> **TASK REQUIREMENTS**
What must be handed in is the entire listing, exactly as written, with no pictures.
*****
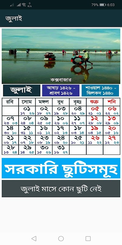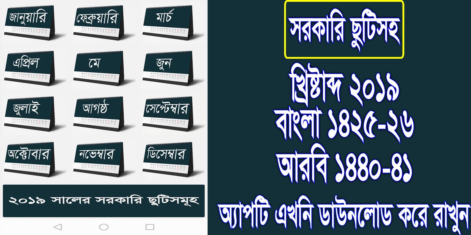 This calendar contains the date of 2019 with government holiday of Bangladesh. It also contain bengali calendar 1425 to bengali calendar 1426 and arabic calendar 1440 to arabic calendar 1441. All this calendar is made for Bangladesh. Only Bangladeshi people should be install this app.
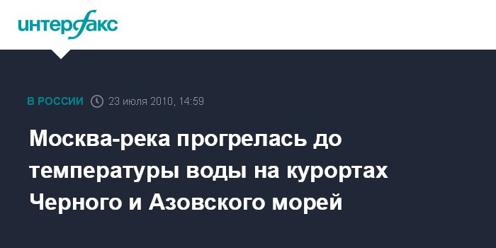 Москва. 23 июля. INTERFAX.RU - По данным Гидрометцентра, вода в Москве-реке прогрелась почти до уровня черноморского курорта. Согласно информации, опубликованной в пятницу на сайте ведомства, температура воды в Москве-реке у Звенигорода за прошедшие сутки составила +24,6 градуса. Между тем температура поверхности воды Черного и Азовского морей находилась в диапазоне +24,5+26,5 градусов.
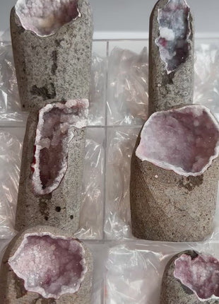 Druzy Pinkish Chalcedony Geodes Origin: Nashik, Maharashtra, India 6 Pieces Size Range: 102 - 73 mm Weight: 1345 gr Read more
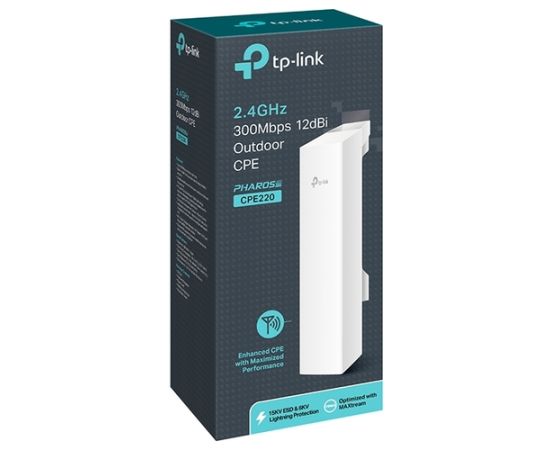 TP-LINK SMB CPE220, Wi-Fi Точка доступа внешняя, 2.4Ghz, 300Mbps High power, 802.11b/g/n, wirelss transmit power up to 30dBm, 2T2R, 12dBi directional antenna, 2 10/100Mbps LAN ports, IPX5 waterproof certification, Passive PoE
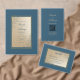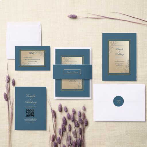 Navy Gold Rectangle Floral Boho Wedding Invitation
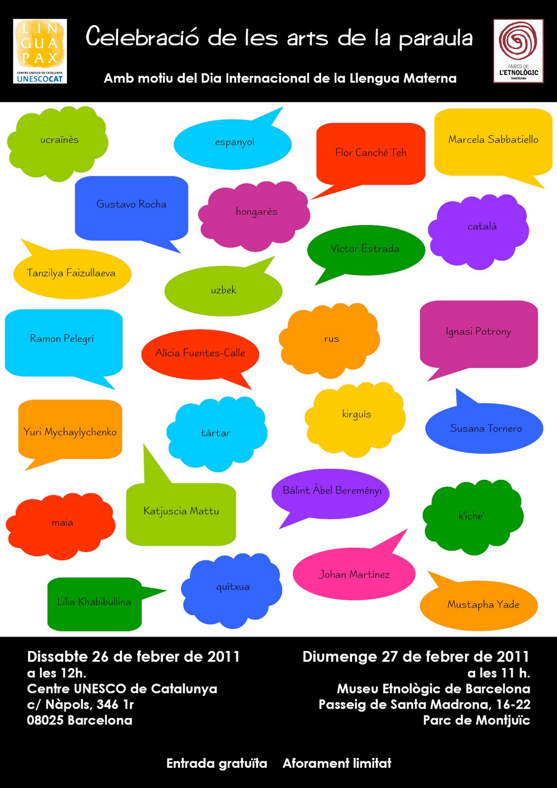 Amb ells estic preparant el meu granet de sorra per al Dia de la Llengua Materna, a través de COM FUSIÓ, un grup de gent de diferents procedències sorgit de l’Associació d’Amics del Museu Etnològic, i del projecte Linguapax del Centre UNESCO de Catalunya. Quina sort, poder escoltar altres llengües, descobrir la seva melodia, les seves peculiaritats…
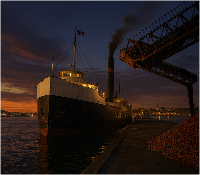 The SS Emperor lay against the Port Arthur ore dock, her iron hull pressing the fenders with a faint creak. From the chutes above, the ore poured in a constant roar, a brown torrent vanishing into her holds. The sound reverberated through the steelwork of the dock and the bones of the ship alike. A fine dust hung in the air, settling into the lines of men’s faces and the seams of their clothes.
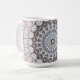 This delicate mandala design blends soft shades of pink, grey, and white into an elegant display of symmetry and flow. Each ring radiates outward from the centre with ornate floral and geometric motifs, creating a mesmerising kaleidoscopic rhythm. The pastel colour palette gives the design a gentle and calming presence, while the detailed linework adds depth and sophistication. Balanced and harmonious, this piece evokes timeless ornamental beauty with a subtle, modern touch.
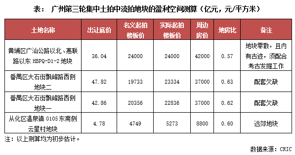 值得注意的是,此次集中供地中有7宗地均為二輪集中出讓中遭遇流拍的地塊,此輪再次掛出,多宗地的起拍門檻有所下調。有4幅地的起拍總價較二輪時下調,降幅都在10%以上,其中白云太和鎮沙亭地塊降幅高達21%,地價顯著下調。番禺利豐地塊和從化江浦地塊雖然起拍總價并未下調,但分別取消了10%回購物業的配建要求和引進產業的要求,實際拿地門檻也較上一輪明顯下降。唯一地塊上漲的地塊位于增城區,該宗地起拍價較二輪掛出時上漲了約4%,但考慮該宗地也取消了配建回購物業的要求,實際起拍樓板價較第二輪也下降了245元/平方米。
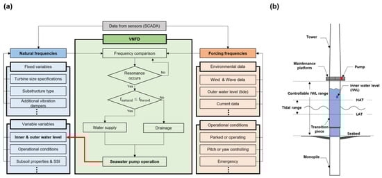 The systematic logic of VNFD is shown in Figure 1a and the theoretical configuration is shown in Figure 1b. The VNFD system is designed such that it compares the natural frequency () with the forcing frequency () and, whenever the natural frequency is lower than the forcing frequency, seawater is supplied to the inside of the substructure and, whenever the natural frequency is greater than the forcing frequency, the seawater inside the substructure is drained out. The process of calculating natural frequency and forcing frequency can be achieved using the SCADA system, but other methods can also be used in the actual application because it is difficult to post-process the vibration data every time it is required. The inside of the monopile corresponding to the height of the seabed can be assumed to be filled with soil, so it is assumed that the bed equal to the height of the seabed is also present inside the substructure. Therefore, the controllable IWL range is from the seabed to the platform height. Generally, the inside of the transition piece contains some seawater due to the diameter gap of the two tubular steels when grouting. However, sea water may infiltrate by seal leakage related to the bottom outlet of the substructure wall and J-tube and, as a result, tidal changes may occur inside the foundation [9]. Therefore, unless additional measures are taken, an internal coating of steel may be required for the intended operation of the VNFD, and treatment for sealing may be required. Also, since hydrostatic pressure is applied to the tubular steel as much as the difference between the external water level and the inner water level, this must be considered when applying this technology.
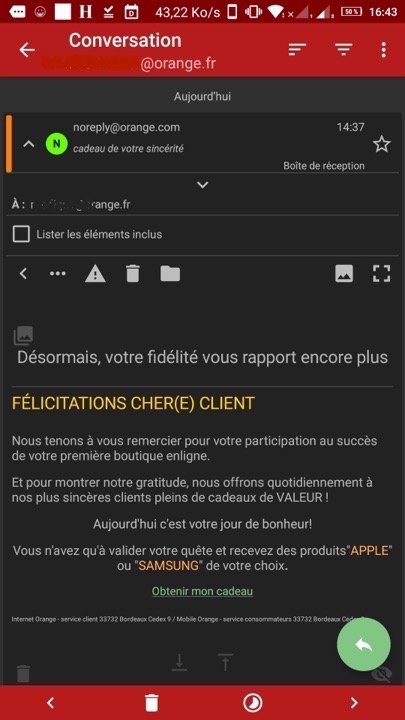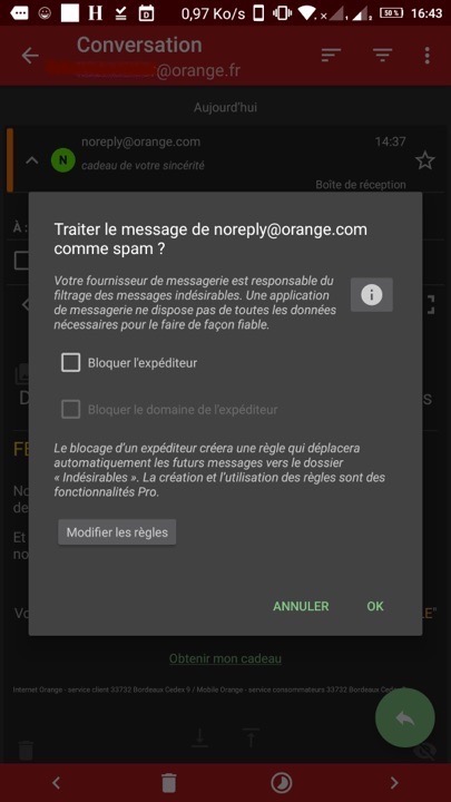 On peut évidemment déplacer un message vers les spams, ou bloquer un expéditeur,
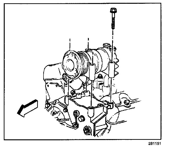 3. Remove the A/C compressor hose assembly bolt from the A/C compressor.
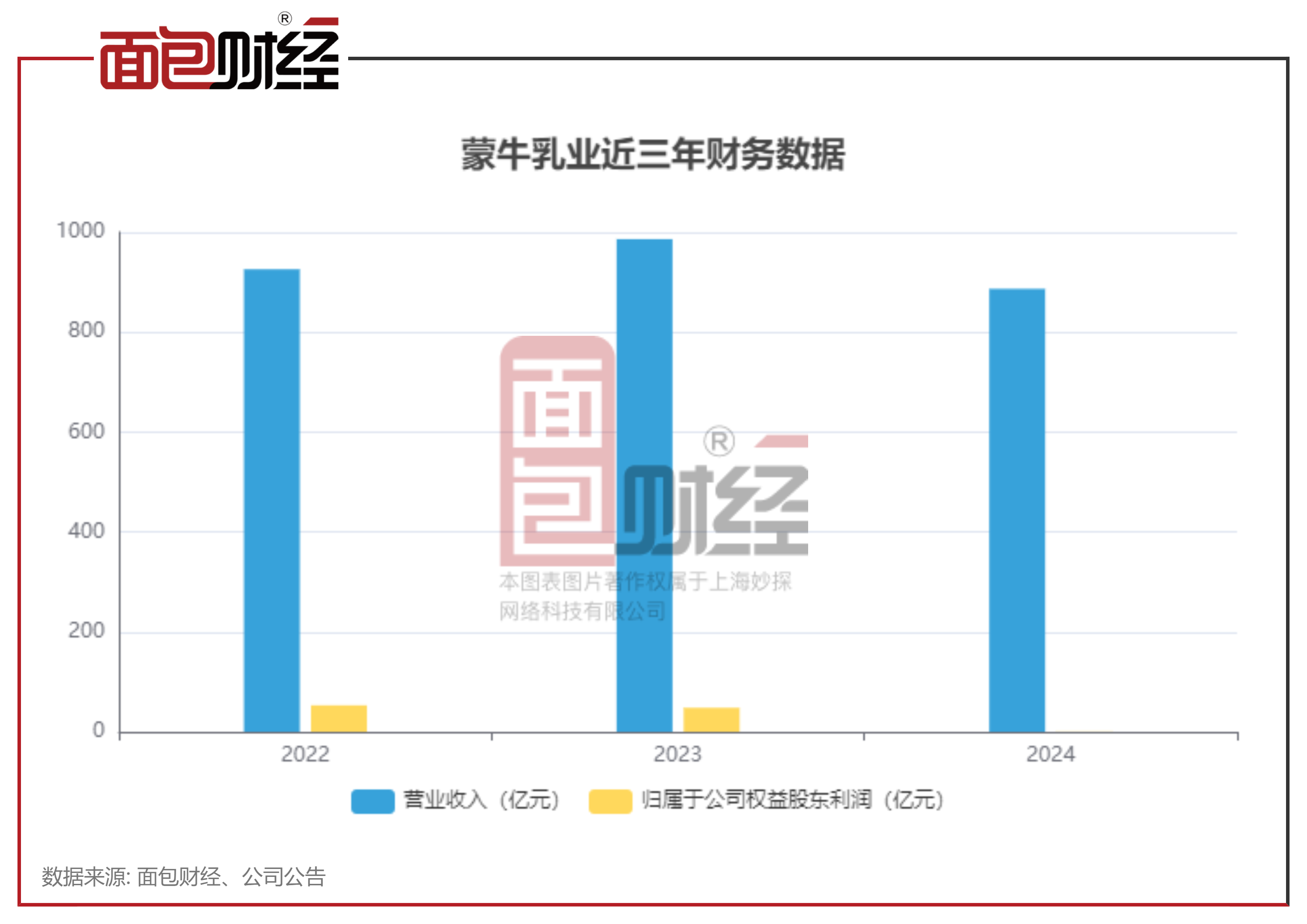 2024年,受乳制品行业供需不平衡、消费需求不及预期等因素影响,蒙牛乳业实现收入886.86亿元,同比下滑10.1%。
*****
> **ANSWER FOR THIS EXERCISE**
 This calendar contains the date of 2019 with government holiday of Bangladesh. It also contain bengali calendar 1425 to bengali calendar 1426 and arabic calendar 1440 to arabic calendar 1441. All this calendar is made for Bangladesh. Only Bangladeshi people should be install this app.
 Москва. 23 июля. INTERFAX.RU - По данным Гидрометцентра, вода в Москве-реке прогрелась почти до уровня черноморского курорта. Согласно информации, опубликованной в пятницу на сайте ведомства, температура воды в Москве-реке у Звенигорода за прошедшие сутки составила +24,6 градуса. Между тем температура поверхности воды Черного и Азовского морей находилась в диапазоне +24,5+26,5 градусов.
 Druzy Pinkish Chalcedony Geodes Origin: Nashik, Maharashtra, India 6 Pieces Size Range: 102 - 73 mm Weight: 1345 gr Read more
 TP-LINK SMB CPE220, Wi-Fi Точка доступа внешняя, 2.4Ghz, 300Mbps High power, 802.11b/g/n, wirelss transmit power up to 30dBm, 2T2R, 12dBi directional antenna, 2 10/100Mbps LAN ports, IPX5 waterproof certification, Passive PoE
 Navy Gold Rectangle Floral Boho Wedding Invitation
 Amb ells estic preparant el meu granet de sorra per al Dia de la Llengua Materna, a través de COM FUSIÓ, un grup de gent de diferents procedències sorgit de l’Associació d’Amics del Museu Etnològic, i del projecte Linguapax del Centre UNESCO de Catalunya. Quina sort, poder escoltar altres llengües, descobrir la seva melodia, les seves peculiaritats…
 The SS Emperor lay against the Port Arthur ore dock, her iron hull pressing the fenders with a faint creak. From the chutes above, the ore poured in a constant roar, a brown torrent vanishing into her holds. The sound reverberated through the steelwork of the dock and the bones of the ship alike. A fine dust hung in the air, settling into the lines of men’s faces and the seams of their clothes.
 This delicate mandala design blends soft shades of pink, grey, and white into an elegant display of symmetry and flow. Each ring radiates outward from the centre with ornate floral and geometric motifs, creating a mesmerising kaleidoscopic rhythm. The pastel colour palette gives the design a gentle and calming presence, while the detailed linework adds depth and sophistication. Balanced and harmonious, this piece evokes timeless ornamental beauty with a subtle, modern touch.
 值得注意的是,此次集中供地中有7宗地均為二輪集中出讓中遭遇流拍的地塊,此輪再次掛出,多宗地的起拍門檻有所下調。有4幅地的起拍總價較二輪時下調,降幅都在10%以上,其中白云太和鎮沙亭地塊降幅高達21%,地價顯著下調。番禺利豐地塊和從化江浦地塊雖然起拍總價并未下調,但分別取消了10%回購物業的配建要求和引進產業的要求,實際拿地門檻也較上一輪明顯下降。唯一地塊上漲的地塊位于增城區,該宗地起拍價較二輪掛出時上漲了約4%,但考慮該宗地也取消了配建回購物業的要求,實際起拍樓板價較第二輪也下降了245元/平方米。
 The systematic logic of VNFD is shown in Figure 1a and the theoretical configuration is shown in Figure 1b. The VNFD system is designed such that it compares the natural frequency () with the forcing frequency () and, whenever the natural frequency is lower than the forcing frequency, seawater is supplied to the inside of the substructure and, whenever the natural frequency is greater than the forcing frequency, the seawater inside the substructure is drained out. The process of calculating natural frequency and forcing frequency can be achieved using the SCADA system, but other methods can also be used in the actual application because it is difficult to post-process the vibration data every time it is required. The inside of the monopile corresponding to the height of the seabed can be assumed to be filled with soil, so it is assumed that the bed equal to the height of the seabed is also present inside the substructure. Therefore, the controllable IWL range is from the seabed to the platform height. Generally, the inside of the transition piece contains some seawater due to the diameter gap of the two tubular steels when grouting. However, sea water may infiltrate by seal leakage related to the bottom outlet of the substructure wall and J-tube and, as a result, tidal changes may occur inside the foundation [9]. Therefore, unless additional measures are taken, an internal coating of steel may be required for the intended operation of the VNFD, and treatment for sealing may be required. Also, since hydrostatic pressure is applied to the tubular steel as much as the difference between the external water level and the inner water level, this must be considered when applying this technology.
 On peut évidemment déplacer un message vers les spams, ou bloquer un expéditeur,
 3. Remove the A/C compressor hose assembly bolt from the A/C compressor.
 2024年,受乳制品行业供需不平衡、消费需求不及预期等因素影响,蒙牛乳业实现收入886.86亿元,同比下滑10.1%。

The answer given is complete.